When I first started to comprehend what had happened, I lay there in that hospital bed thinking, so this is what it feels like to have been on the other side and come back. I didn't have broken bones, but I did have a broken body, a broken life. Will my body repair? Will my life repair? Will I ever be the same? What about me is going to be different than before, different than before my body turned traitor on me. Yesterday I was myself. Today I'm somebody different. It was forced on me. My old me was taken away, never to be seen again. I didn't realize how I felt until I didn't feel that way anymore. And then I so wanted to feel that way again.

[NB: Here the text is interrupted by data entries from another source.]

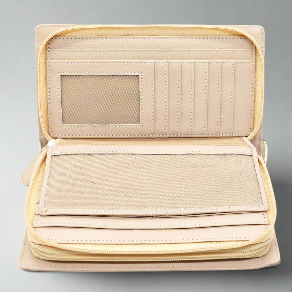 Refined luxury meets smart organization in the Gabriella Beige Wallet. Crafted from premium soft cow leather in a sophisticated beige hue, this wallet is designed for the modern woman who values both style and practicality.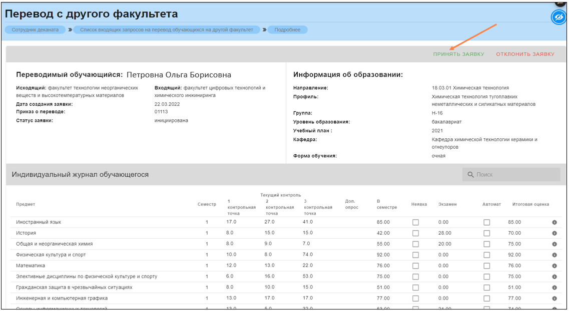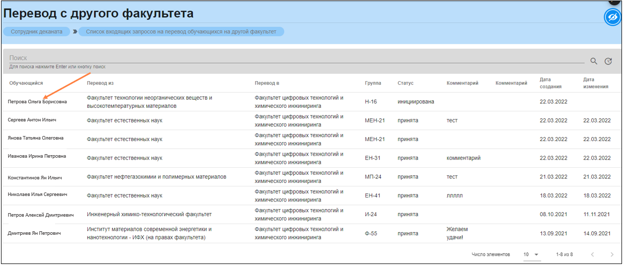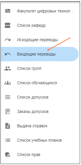 Для принятия обучающегося с другого факультета выберите "Входящие переводы".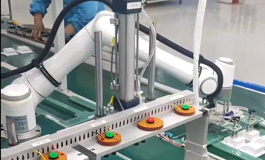 milan.米兰中国机器人聚焦电子行业检测及上下料自动化,进一步分析了企业需求,为该企业打造了协作机器人定制化系统解决方案,实现了电源开关的高效精准取放及检测。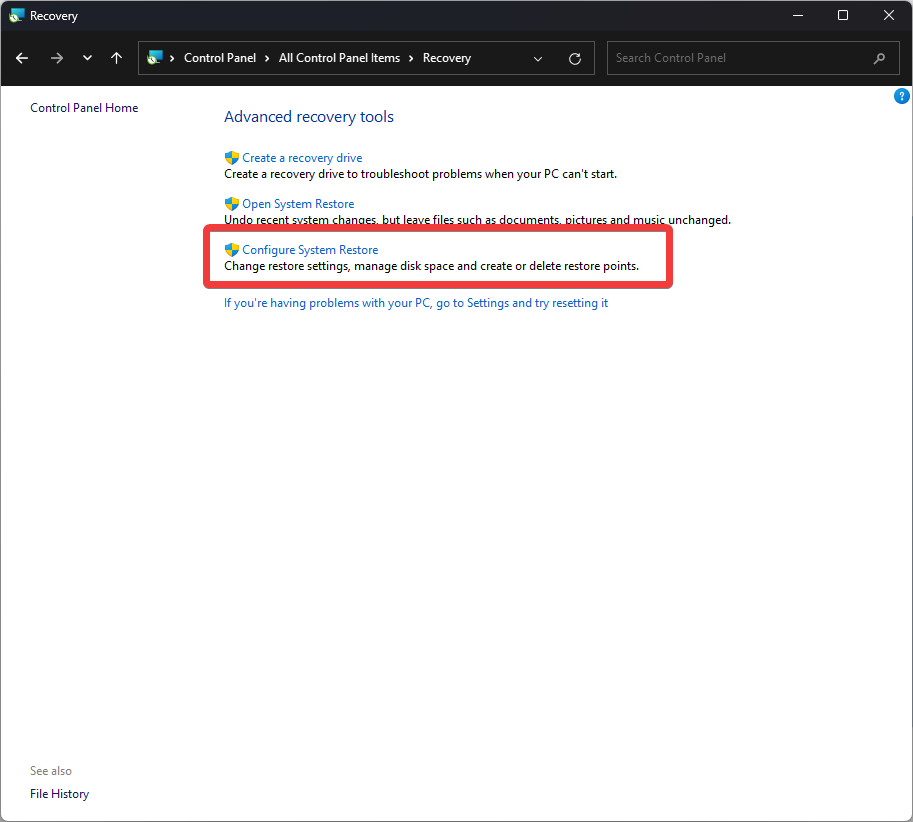 5. The Volume Shadow Copy Service used by System Restore is not working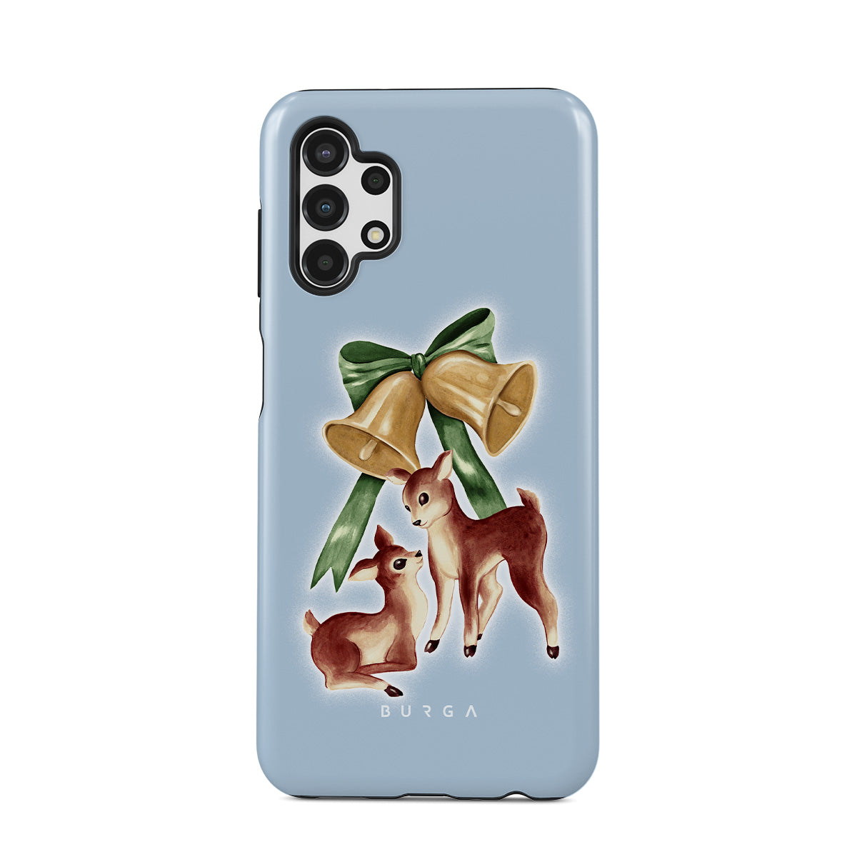 Denna design har: vintage ren, julklockor, gyllene klockor, retro renillustration, babyhjort, ljusblå bakgrund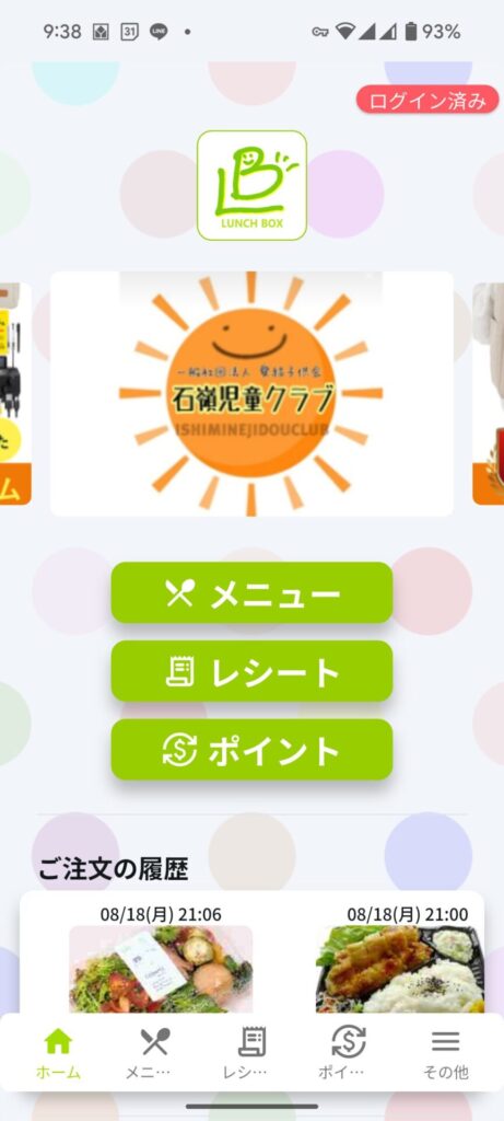 保護者はアプリから食事内容や利用履歴を確認できます。
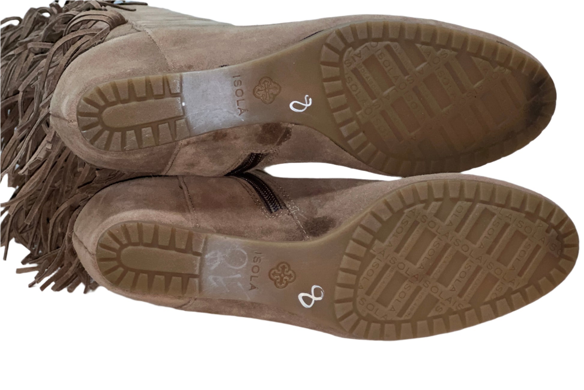 ISOLA Women's Tavora Tall Fringe Boot 8M Havana Brown Suede Leather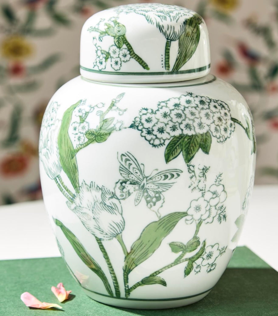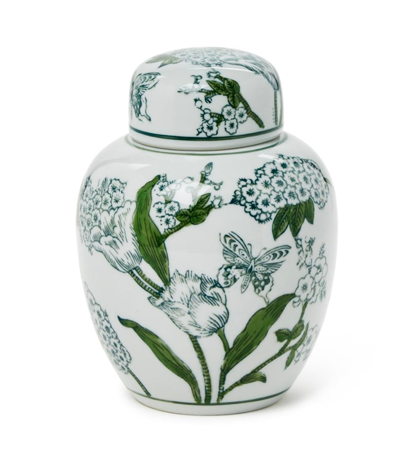 7 1/2" PRIMROSE AND LOTUS GREEN AND WHITE CHINOISERIE GINGER JAR WITH LID

So here I am 6 months later, happy to be alive and mentally probably in a  better place, but I still have a way to go physically to regain the old me. I'm not sure that's possible. The old me thought nothing of hiking 4 or 5 difficult trail miles just to see a waterfall or a natural stone bridge; the new me cannot as yet walk more than 1 mile without my body saying that's enough and I can't go further. I have to remind myself that when I first got out of the hospital, walking from the bedroom into the living room resulted in sitting on the couch for 10 minutes just to recover. I used to hate taking any kind of medicine, especially anything stronger than an aspirin and now I take 5 pills every day. I used to never bruise, now, because of the blood thinner medicine, I bruise so easily I often don't know what caused it.

Life is different now, but all in all, it's all pretty good. There are so many others who have it a lot worse than I do so yeah, 6 months after I died, I consider myself to be an exceptionally lucky fella who was given a rare and precious gift. And I fully intend to keep on enjoying it.